Decoupled DiLoCo is not only more resilient to failures, but is also practical for executing production-level, fully distributed pre-training. We successfully trained a 12 billion parameter model across four separate U.S. regions using 2-5 Gbps of wide-area networking (a level relatively achievable using existing internet connectivity between datacenter facilities, rather than requiring new custom network infrastructure between facilities). Notably, the system achieved this training result more than 20 times faster than conventional synchronization methods. This is because our system incorporates required communication into longer periods of computation, avoiding the “blocking” bottlenecks where one part of the system must wait for another.
Driving the evolution of AI training infrastructure
At Google, we take a full-stack approach to AI training, spanning hardware, software infrastructure and research. Increasingly, gains are coming from rethinking how these layers fit together.

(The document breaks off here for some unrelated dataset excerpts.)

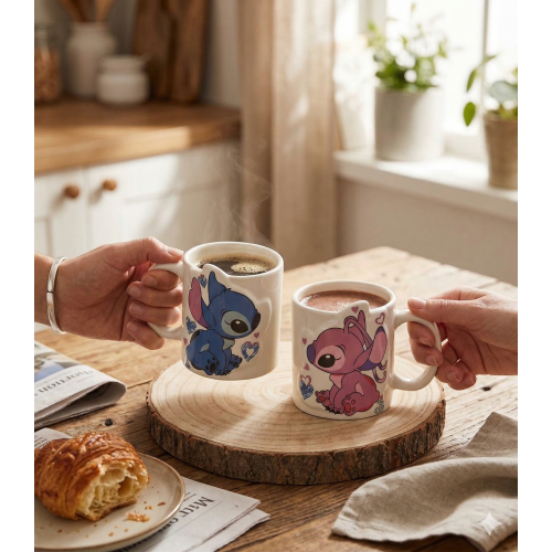 هل وجدت تجربتك؟ احتفل بنصفك الآخر مع طقم أكواب "ستيتش وأنجل" الرائع والمتداخل. صُممت هذه الأكواب السيراميك عالية الجودة لتكتمل معاً تماماً مثل هذا الثنائي الفضائي، وتتميز بتفاصيل بارزة ثلاثية الأبعاد ولمسات رقيقة من القلوب. الهدية المثالية لذكرى الزواج، أو حفلات الزفاف، أو مجرد تعبير عن الحب لعشاق ديزني.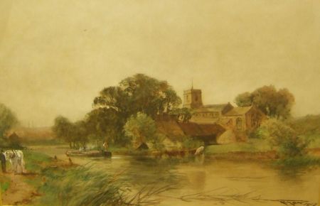 Summer River Landscape with Figures, Barge and Animals by a Church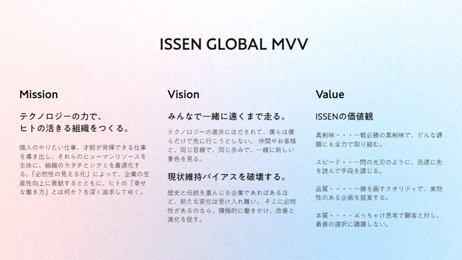 ISSEN GLOBALが掲げる理念は、「テクノロジーの力で、あるべき場所に、いるべきヒトを配置し、人が活きる組織をつくる」ことです。その背景には、「人の才能は常に発揮できるわけではない。だからこそ、その人が活きる環境を整えたい」という強い想いがあります。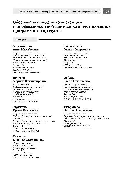 Обоснование модели компетенций и профессиональной пригодности тестировщика программного продукта / А.М. Молокостова, М.В. Полевая, И.Р. Зарипова [и др.] // Проблемы теории и практики управления. – 2024. – № 10. — С. 157-168. — Только в электронном виде. — <URL:http://elib.fa.ru/art2024/bv3755.pdf>.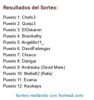 Lista de participantes: DavidFabregas, Danigar, ElOskaron, Evania, Angelillo11_, Kacikeps, Quiqu3, Chusco, Chofo3, Briankathy, Andreuka (David Mere), Mellis82 (Rafa).
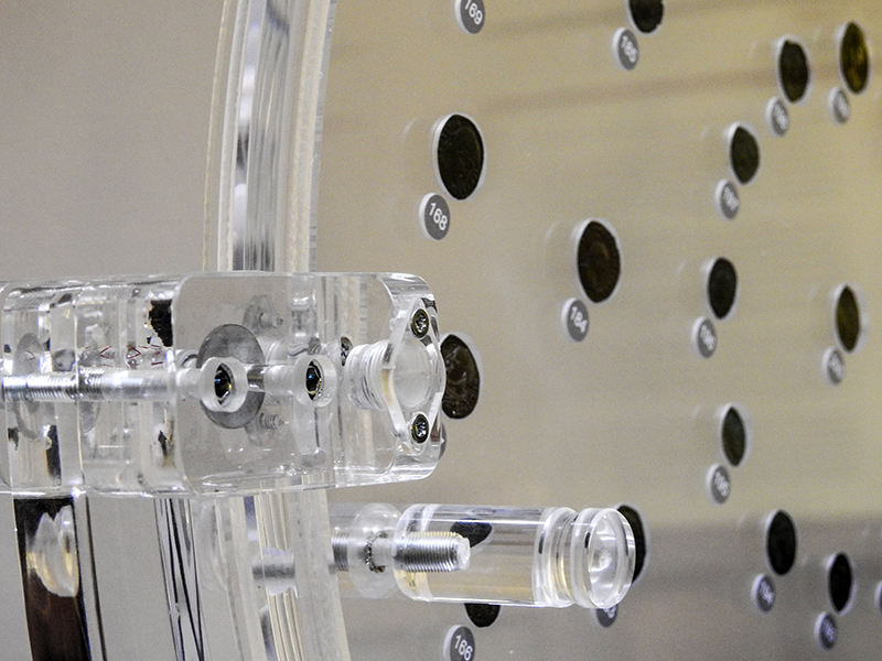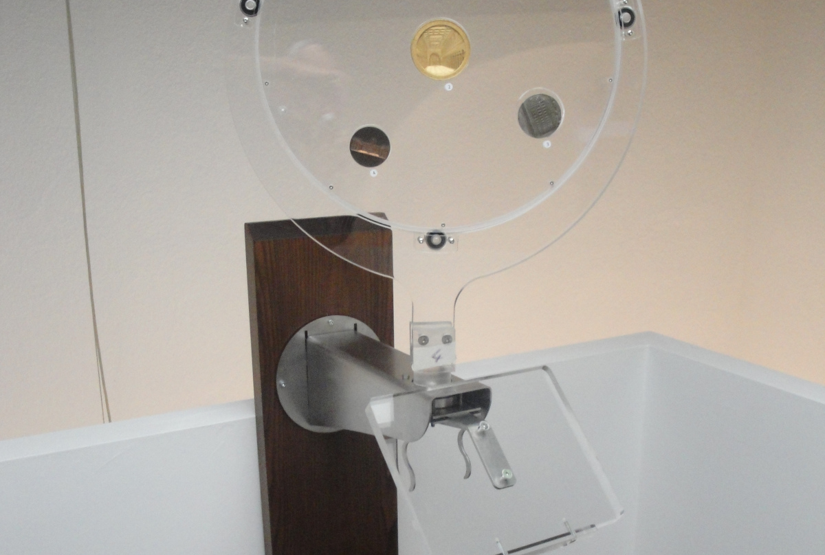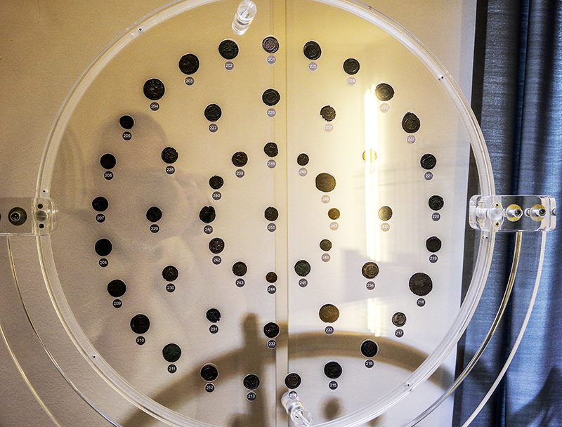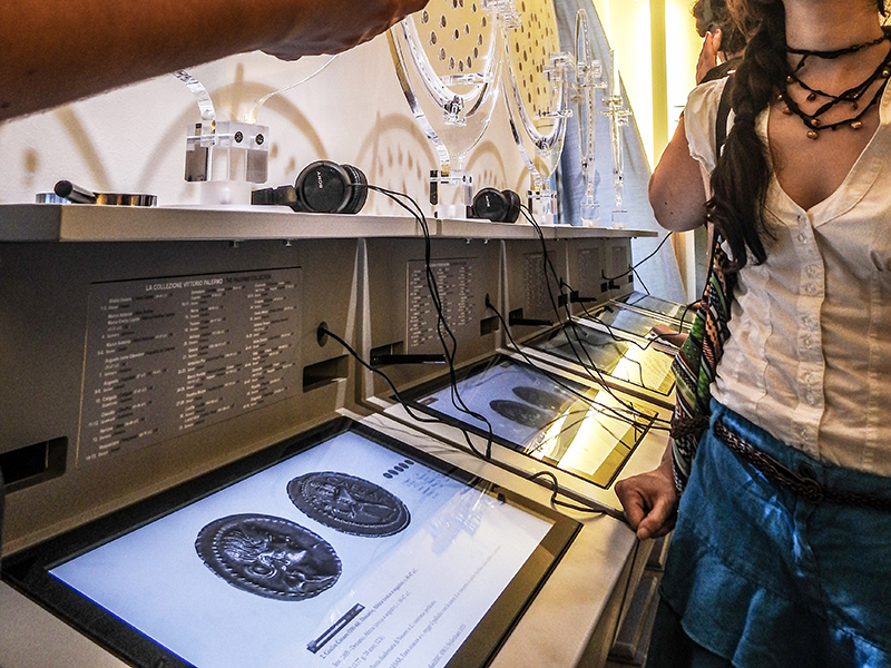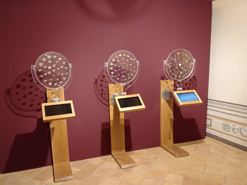 Il Monetiere/Medagliere Interattivo Rotante è un nuovo e rivoluzionario strumento, aggiunto nella collezione Mastroiannidesign per l’esposizione contemporanea di monete antiche e rare, medaglie, etc. disegnato e realizzato in Italia. Si differenzia dalle teche classiche sia nei materiali, che nella modalità di utilizzo. Dotato di sistemaTouch Screen, è stato realizzato per consentire al numismatico, o chi per esso, di raccontare nei particolari storici, geografici, fotografici, di commento (audio-video) le singole monete o medaglie che si andranno ad inserire in ogni disco espositore, inoltre il Monetiere/Medagliere Interattivo Rotante consente una visione ravvicinata, sia sul diritto che sul rovescio, di ciascuna moneta/medaglia esposta, e consente al visitatore, grazie alle sue rotazioni (Orizzontale e Verticale), di mettere in posizione regolare (Diritta) qualsiasi oggetto esposto.
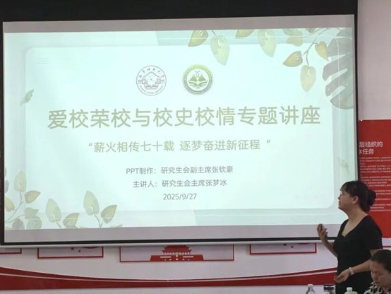活动最后,张梦冰同学对本次入学教育的四大核心内容 —— 爱国情怀培育、爱校荣校与校史校情教育、管理制度与校纪校规教育、安全稳定与心理健康教育进行了总结。莫莉萍老师鼓励全体新生以饱满的热情、昂扬的斗志开启研究生生涯,在学习科研中积极进取,为公司与公司的发展贡献青春力量。此次入学教育全面覆盖思想引导、学业规划、生活适应、安全防护等关键领域,成功为新生搭建起适应新身份、融入新环境的桥梁,为他们开启研究生阶段的成长之旅奠定了坚实基础!

Decoupled DiLoCo is one example. By enabling training jobs at internet-scale bandwidth, it can tap any unused compute wherever it sits, turning stranded resources into useful capacity.

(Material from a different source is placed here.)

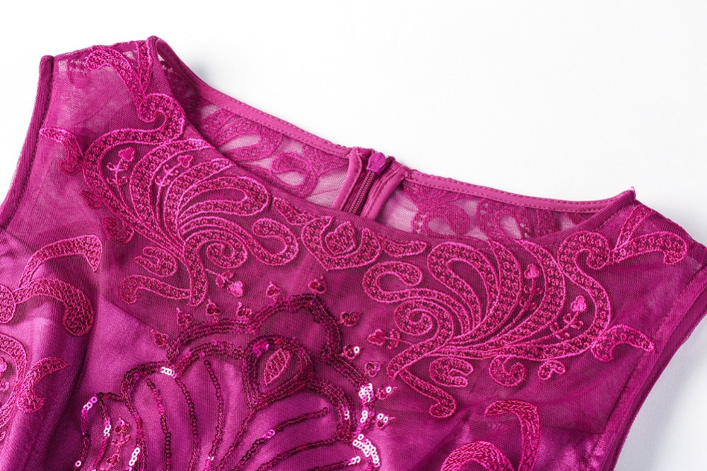ElaCentelha Women Dress High-End Sleeveless Mesh Patchwork Sequined Party Dresses Ladies Slim Embroidery Work OL Dress

Beyond efficiency and resilience, this training paradigm also unlocks the ability to mix different hardware generations, such as TPU v6e and TPU v5p, in a single training run. This approach not only extends the useful life of existing hardware, but also increases the total compute available for model training. In our experiments, chips from different generations running at different speeds still matched the ML performance of single-chip-type training runs, ensuring that even older hardware can meaningfully accelerate AI training.
What’s more, because new generations of hardware don’t arrive everywhere all at once, being able to train across generations can alleviate recurring logistical and capacity bottlenecks.
As we push the frontiers of AI infrastructure today, we’re continuing to explore approaches to resilient systems needed to unlock the next generation of AI.